If your planner, worker, and critic all hit a frontier model, your margin dies. Cost architecture; model routing by task criticality: is as important as prompt architecture.
The page came in as a Slack DM from our CFO at 4:51pm on the last business day of the month, which is the worst possible time to learn anything about money. Three words and a screenshot: "is this right?" The screenshot was the inference line for an agent pipeline we had shipped to a client four weeks earlier. The number was roughly nine times what the proposal had modeled. Nobody had broken anything. Latency was healthy, error rate was flat, the customer was happy with the output. The system was working exactly as designed, and the design was the problem, because every single step in that agent, the planner, the bulk worker, the file mover, the formatter, the little critic that checked the output, all of it called the same frontier model. We had built a Ferrari to deliver pizza, and we were paying Ferrari prices on every block. This piece is about the fix, which is routing, and about why I now treat "what model does each step use" as a first-class architecture question instead of a default someone forgot to change.

I am on call for client agent pipelines, which means I get paged when margin dies, not when a demo looks pretty. That job teaches you a specific kind of cynicism. The thing that ships is rarely the thing that was tested, and the cost model in the proposal is almost never the cost model in production, because the proposal assumed someone would tune the routing and nobody had time. So let me be blunt about the thesis before I justify it: cost control for agents is model routing by task criticality, not uniform frontier usage on every call. If your orchestrator points every step at the strongest model you have, you do not have a cost problem you can optimize away with caching. You have an architecture problem, and the fix lives at the orchestration layer.
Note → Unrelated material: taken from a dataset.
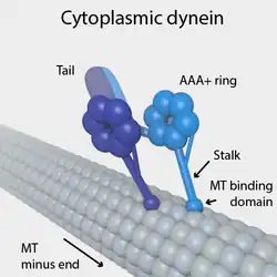 18. 1 2 3 Roberts AJ, Numata N, Walker ML, Kato YS, Malkova B, Kon T, Ohkura R, Arisaka F, Knight PJ, Sutoh K, Burgess SA (February 2009). "AAA+ Ring and linker swing mechanism in the dynein motor". Cell. 136 (3): 485–95. doi:10.1016/j.cell.2008.11.049. PMC 2706395. PMID 19203583.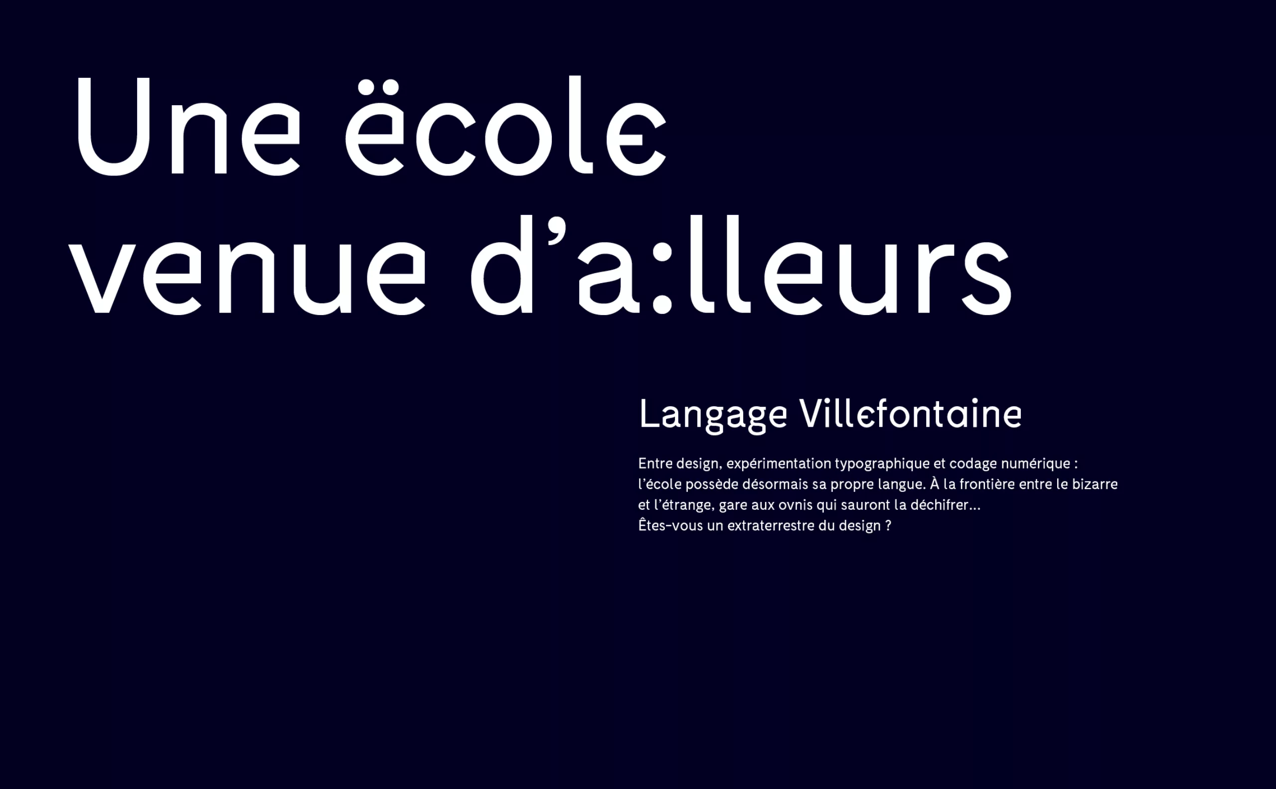 A small change in identity was necessary: a new name, a new logo, but the story remains the same. Villefontaine now proudly assumes its extraterrestrial origins. So here we are, facing an invasion of alien students landing on another planet: the planet Villefontaine!

The trap is that uniform frontier routing is the path of least resistance. You build the agent, you reach for the best model because that is what makes the demo land, and the default propagates to every node in the graph. Nothing in your local testing punishes you for it. You run a dozen tasks, the token counts are small, the dashboard says everything is fine. The punishment is deferred to production volume, where a planner that reasons over a hard problem and a worker that renames a column both bill at the same per-token rate, except the worker runs forty times as often. Cost does not scale with how hard the step is. It scales with how often the step runs times the tier you assigned it, and uniform routing assigns the most expensive tier to your most frequent steps by accident.
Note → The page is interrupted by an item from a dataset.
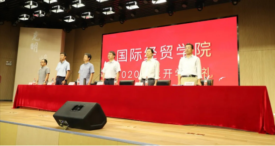 2020级新生开学典礼在圣井校区文化活动中心多功能厅举行。开学典礼由学院党委副书记郝秀峰主持,院长王培志、副院长朱庆华、王庭东、刘伟全以及教师代表赵明亮等参加了典礼。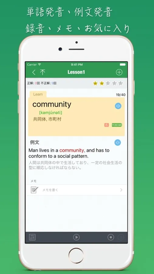 ・録音機能:単語を勉強する時に、録音ボタンを押すと、録音モードに入ります、ここで自分の発音や音声メモーを記録することができます。

The market data on this is not subtle. Zylos Research, in their 2026 model routing writeup, put the headline plainly: "dynamic model routing can reduce inference costs by 40 to 85 percent while maintaining 90 to 95 percent of the quality you would get from the most capable model on every query." Sit with the shape of that. You give up five to ten percent of quality on the margin and you cut the bill by up to five sixths. There is no other lever in agent engineering with that payoff ratio. And yet, in the same report, Zylos notes that "the majority of deployed agents today still hardcode a single model." That is the gap I get paid to close. Everybody knows routing works. Almost nobody has wired it, because it never feels urgent until a CFO sends you three words on a Friday.
The mechanical version of routing is simple to state and easy to get wrong. Before each LLM call, you decide which tier the call needs. The decision can be a cheap classifier, a set of rules keyed on the agent role, or a learned bandit policy that adapts to feedback. What it must not be is hardcoded into the prompt or scattered across your node definitions, because then you cannot change it without a redeploy and you cannot measure it as one thing. Routing is a policy, and a policy needs to live somewhere you can read it, version it, and tune it. For us that is a thin routing module the orchestrator consults on every call, and the simplest useful version maps complexity to three lanes.
# Agent cost routing stack, conceptual
request -> complexity classifier -> route(policy)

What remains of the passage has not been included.